> [REQUIREMENT]: When you output the records, match them exactly and omit any picture they include.

————————

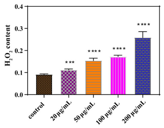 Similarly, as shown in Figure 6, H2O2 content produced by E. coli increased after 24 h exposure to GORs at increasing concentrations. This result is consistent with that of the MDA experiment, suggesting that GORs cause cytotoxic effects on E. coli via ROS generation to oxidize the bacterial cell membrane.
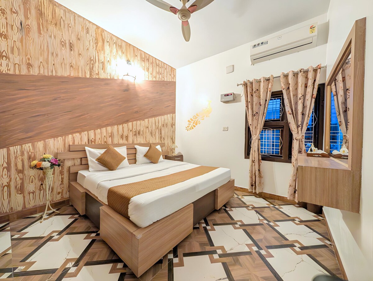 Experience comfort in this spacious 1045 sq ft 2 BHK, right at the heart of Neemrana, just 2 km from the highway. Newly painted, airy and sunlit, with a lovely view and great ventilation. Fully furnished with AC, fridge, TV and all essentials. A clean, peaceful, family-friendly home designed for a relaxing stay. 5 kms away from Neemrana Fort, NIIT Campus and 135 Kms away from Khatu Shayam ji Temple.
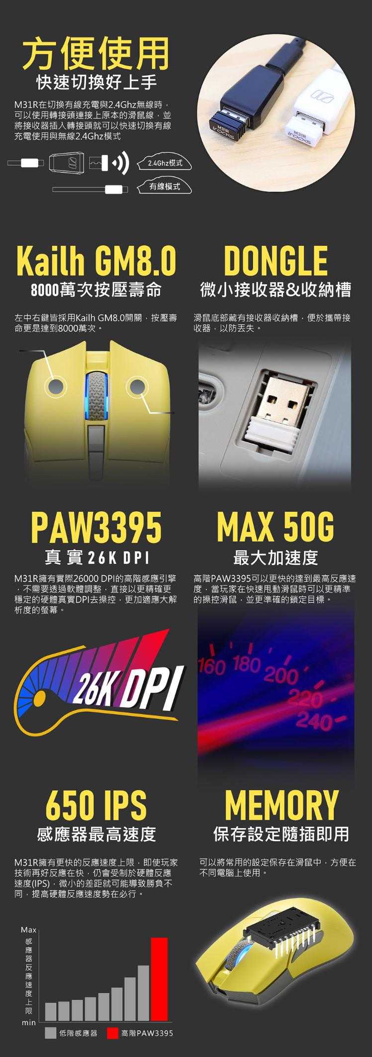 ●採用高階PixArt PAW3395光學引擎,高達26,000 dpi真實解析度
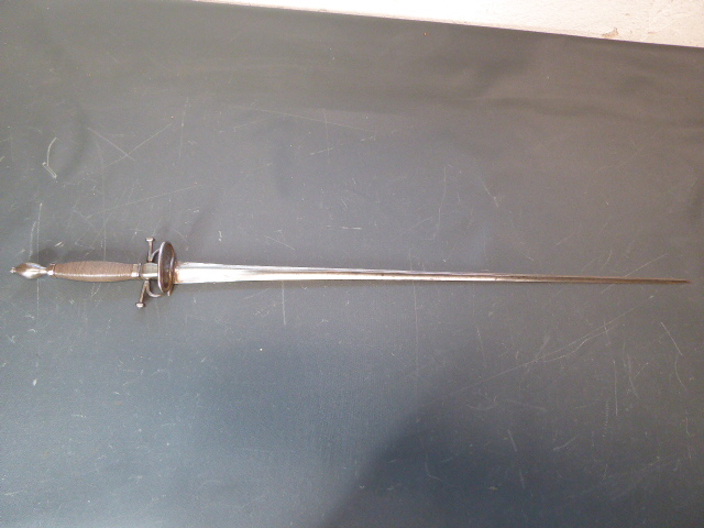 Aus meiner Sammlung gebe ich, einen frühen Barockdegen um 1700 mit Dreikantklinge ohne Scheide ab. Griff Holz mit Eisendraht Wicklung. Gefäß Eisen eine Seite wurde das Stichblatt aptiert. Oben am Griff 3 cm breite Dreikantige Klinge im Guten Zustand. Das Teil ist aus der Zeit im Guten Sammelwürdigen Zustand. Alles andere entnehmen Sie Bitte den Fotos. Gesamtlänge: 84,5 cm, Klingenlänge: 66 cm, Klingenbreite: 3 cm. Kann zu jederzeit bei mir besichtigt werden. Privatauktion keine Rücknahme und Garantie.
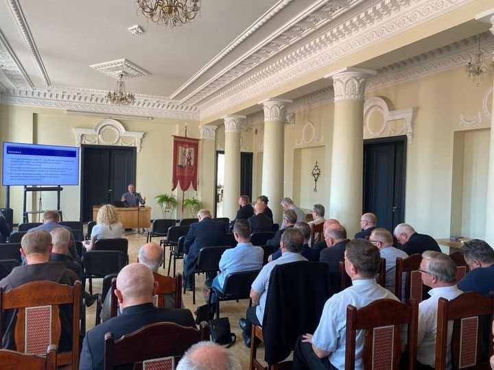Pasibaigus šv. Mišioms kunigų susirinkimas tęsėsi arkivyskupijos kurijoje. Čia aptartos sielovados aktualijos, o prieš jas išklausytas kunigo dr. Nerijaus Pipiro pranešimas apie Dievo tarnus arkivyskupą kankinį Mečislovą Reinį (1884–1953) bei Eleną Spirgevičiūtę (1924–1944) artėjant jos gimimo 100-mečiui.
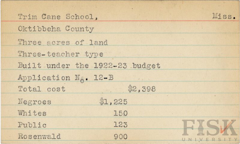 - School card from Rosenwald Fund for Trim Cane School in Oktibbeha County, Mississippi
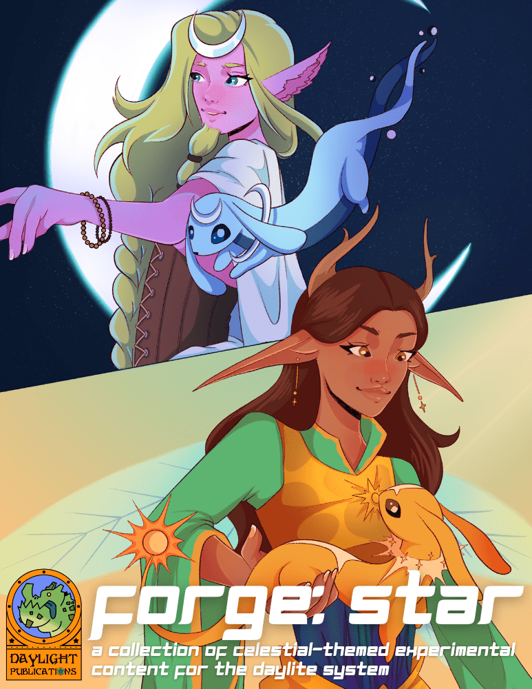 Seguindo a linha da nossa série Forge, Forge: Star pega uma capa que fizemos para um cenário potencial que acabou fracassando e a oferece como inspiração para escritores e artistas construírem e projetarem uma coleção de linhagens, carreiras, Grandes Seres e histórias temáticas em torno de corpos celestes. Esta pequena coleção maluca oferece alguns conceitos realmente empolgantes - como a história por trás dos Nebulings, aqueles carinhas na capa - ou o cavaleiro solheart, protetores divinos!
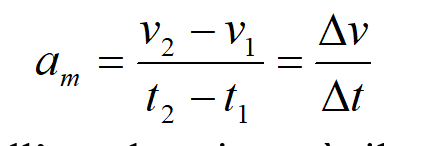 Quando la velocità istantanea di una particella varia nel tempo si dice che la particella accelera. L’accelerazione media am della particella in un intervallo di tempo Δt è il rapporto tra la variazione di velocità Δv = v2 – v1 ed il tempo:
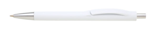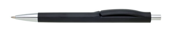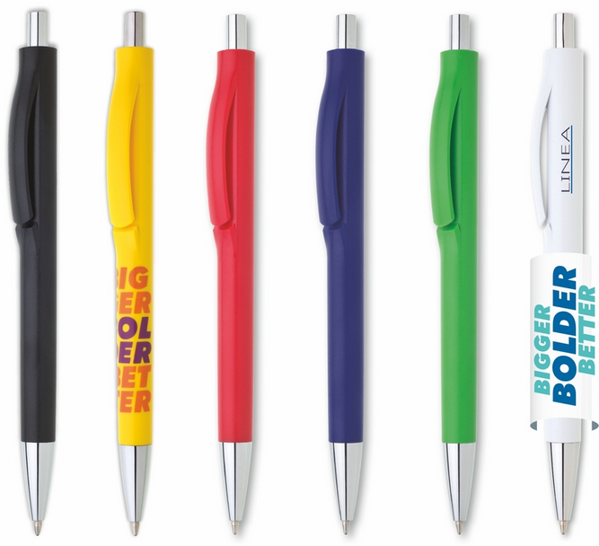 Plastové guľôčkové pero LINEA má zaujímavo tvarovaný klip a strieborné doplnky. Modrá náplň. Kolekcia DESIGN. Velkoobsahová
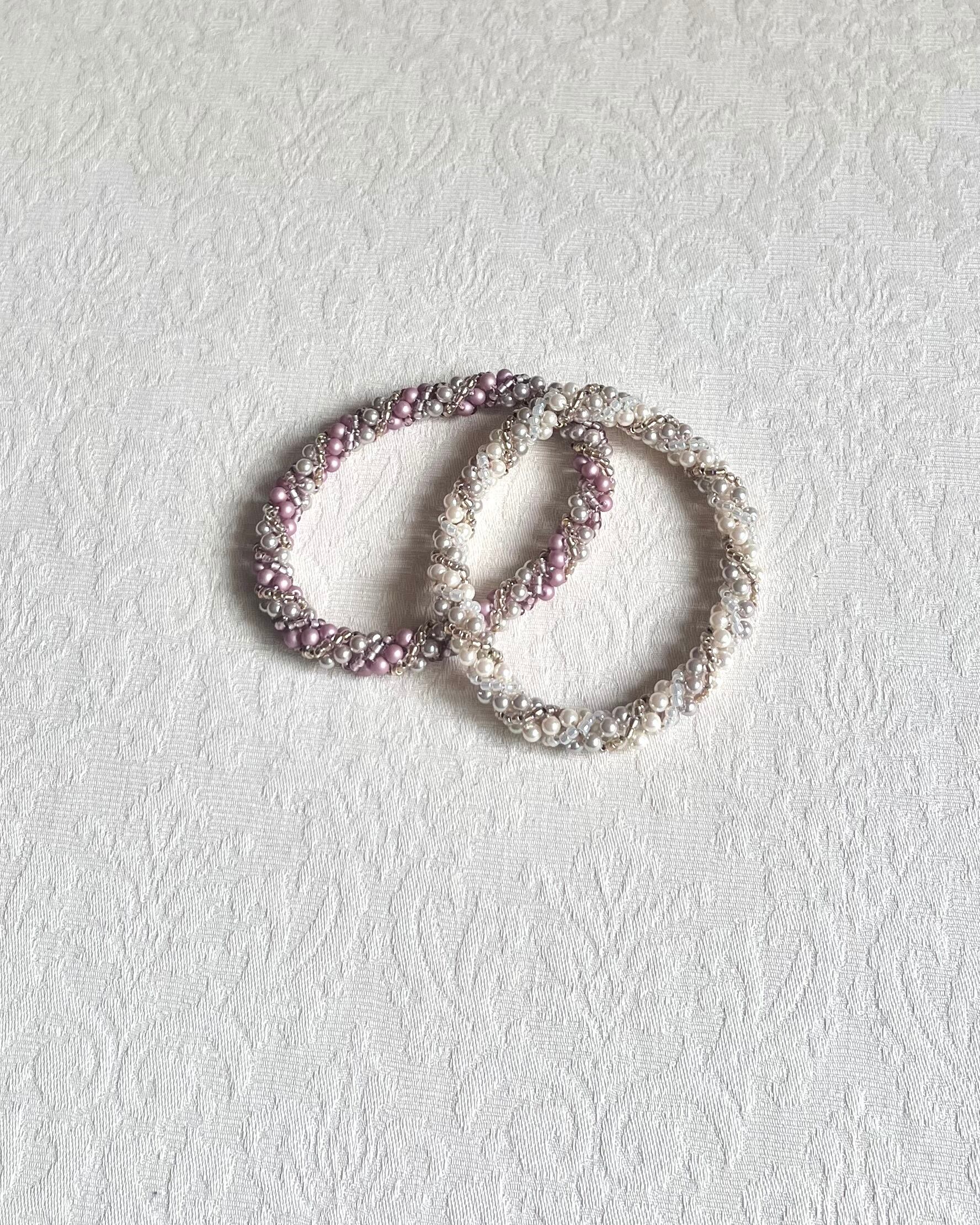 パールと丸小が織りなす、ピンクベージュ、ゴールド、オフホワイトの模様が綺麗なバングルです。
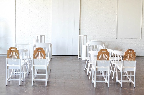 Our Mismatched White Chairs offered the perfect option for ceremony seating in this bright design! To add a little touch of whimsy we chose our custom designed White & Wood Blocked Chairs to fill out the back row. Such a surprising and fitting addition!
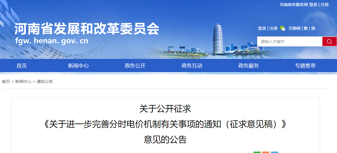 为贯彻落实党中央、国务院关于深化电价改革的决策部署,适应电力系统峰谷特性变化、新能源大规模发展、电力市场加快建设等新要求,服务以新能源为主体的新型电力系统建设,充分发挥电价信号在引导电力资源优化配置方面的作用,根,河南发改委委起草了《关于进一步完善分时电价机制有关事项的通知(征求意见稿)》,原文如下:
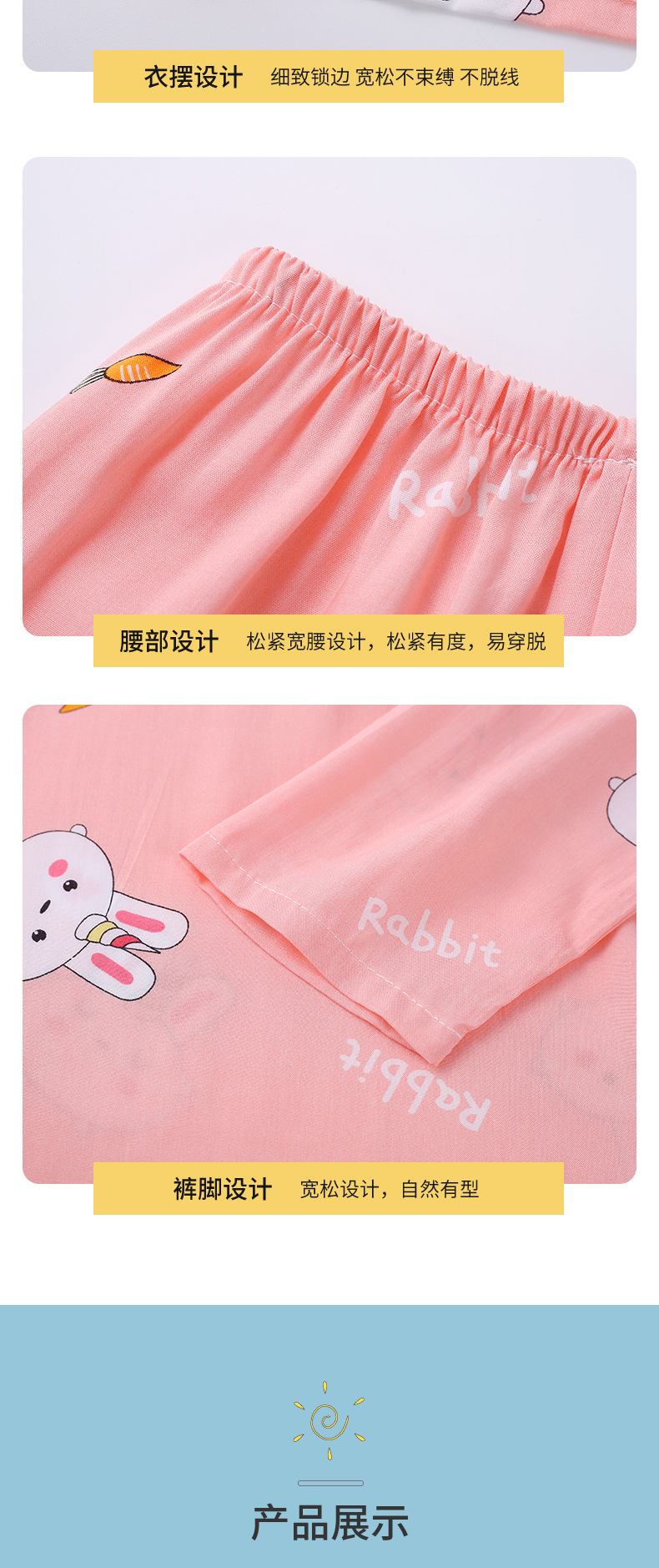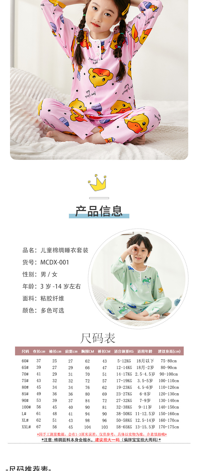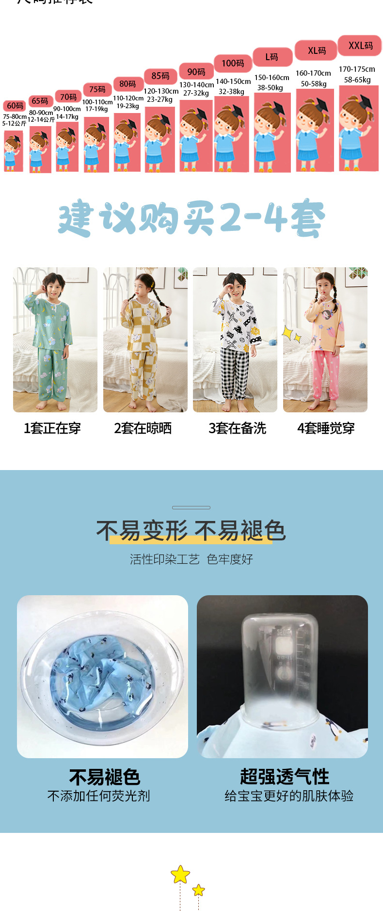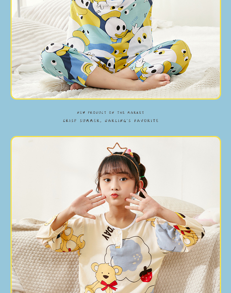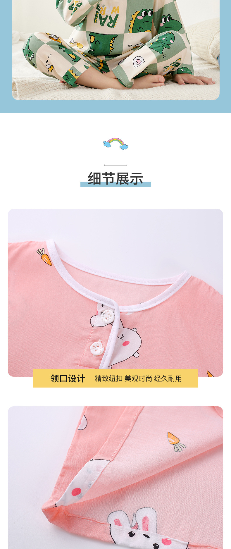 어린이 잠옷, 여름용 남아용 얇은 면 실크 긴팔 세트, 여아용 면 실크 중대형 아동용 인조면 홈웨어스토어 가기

————————

> [TASK OUTPUT]:
 Similarly, as shown in Figure 6, H2O2 content produced by E. coli increased after 24 h exposure to GORs at increasing concentrations. This result is consistent with that of the MDA experiment, suggesting that GORs cause cytotoxic effects on E. coli via ROS generation to oxidize the bacterial cell membrane.
 Experience comfort in this spacious 1045 sq ft 2 BHK, right at the heart of Neemrana, just 2 km from the highway. Newly painted, airy and sunlit, with a lovely view and great ventilation. Fully furnished with AC, fridge, TV and all essentials. A clean, peaceful, family-friendly home designed for a relaxing stay. 5 kms away from Neemrana Fort, NIIT Campus and 135 Kms away from Khatu Shayam ji Temple.
 ●採用高階PixArt PAW3395光學引擎,高達26,000 dpi真實解析度
 Aus meiner Sammlung gebe ich, einen frühen Barockdegen um 1700 mit Dreikantklinge ohne Scheide ab. Griff Holz mit Eisendraht Wicklung. Gefäß Eisen eine Seite wurde das Stichblatt aptiert. Oben am Griff 3 cm breite Dreikantige Klinge im Guten Zustand. Das Teil ist aus der Zeit im Guten Sammelwürdigen Zustand. Alles andere entnehmen Sie Bitte den Fotos. Gesamtlänge: 84,5 cm, Klingenlänge: 66 cm, Klingenbreite: 3 cm. Kann zu jederzeit bei mir besichtigt werden. Privatauktion keine Rücknahme und Garantie.
Pasibaigus šv. Mišioms kunigų susirinkimas tęsėsi arkivyskupijos kurijoje. Čia aptartos sielovados aktualijos, o prieš jas išklausytas kunigo dr. Nerijaus Pipiro pranešimas apie Dievo tarnus arkivyskupą kankinį Mečislovą Reinį (1884–1953) bei Eleną Spirgevičiūtę (1924–1944) artėjant jos gimimo 100-mečiui.
 - School card from Rosenwald Fund for Trim Cane School in Oktibbeha County, Mississippi
 Seguindo a linha da nossa série Forge, Forge: Star pega uma capa que fizemos para um cenário potencial que acabou fracassando e a oferece como inspiração para escritores e artistas construírem e projetarem uma coleção de linhagens, carreiras, Grandes Seres e histórias temáticas em torno de corpos celestes. Esta pequena coleção maluca oferece alguns conceitos realmente empolgantes - como a história por trás dos Nebulings, aqueles carinhas na capa - ou o cavaleiro solheart, protetores divinos!
 Quando la velocità istantanea di una particella varia nel tempo si dice che la particella accelera. L’accelerazione media am della particella in un intervallo di tempo Δt è il rapporto tra la variazione di velocità Δv = v2 – v1 ed il tempo:
 Plastové guľôčkové pero LINEA má zaujímavo tvarovaný klip a strieborné doplnky. Modrá náplň. Kolekcia DESIGN. Velkoobsahová
 パールと丸小が織りなす、ピンクベージュ、ゴールド、オフホワイトの模様が綺麗なバングルです。
 Our Mismatched White Chairs offered the perfect option for ceremony seating in this bright design! To add a little touch of whimsy we chose our custom designed White & Wood Blocked Chairs to fill out the back row. Such a surprising and fitting addition!
 为贯彻落实党中央、国务院关于深化电价改革的决策部署,适应电力系统峰谷特性变化、新能源大规模发展、电力市场加快建设等新要求,服务以新能源为主体的新型电力系统建设,充分发挥电价信号在引导电力资源优化配置方面的作用,根,河南发改委委起草了《关于进一步完善分时电价机制有关事项的通知(征求意见稿)》,原文如下:
 어린이 잠옷, 여름용 남아용 얇은 면 실크 긴팔 세트, 여아용 면 실크 중대형 아동용 인조면 홈웨어스토어 가기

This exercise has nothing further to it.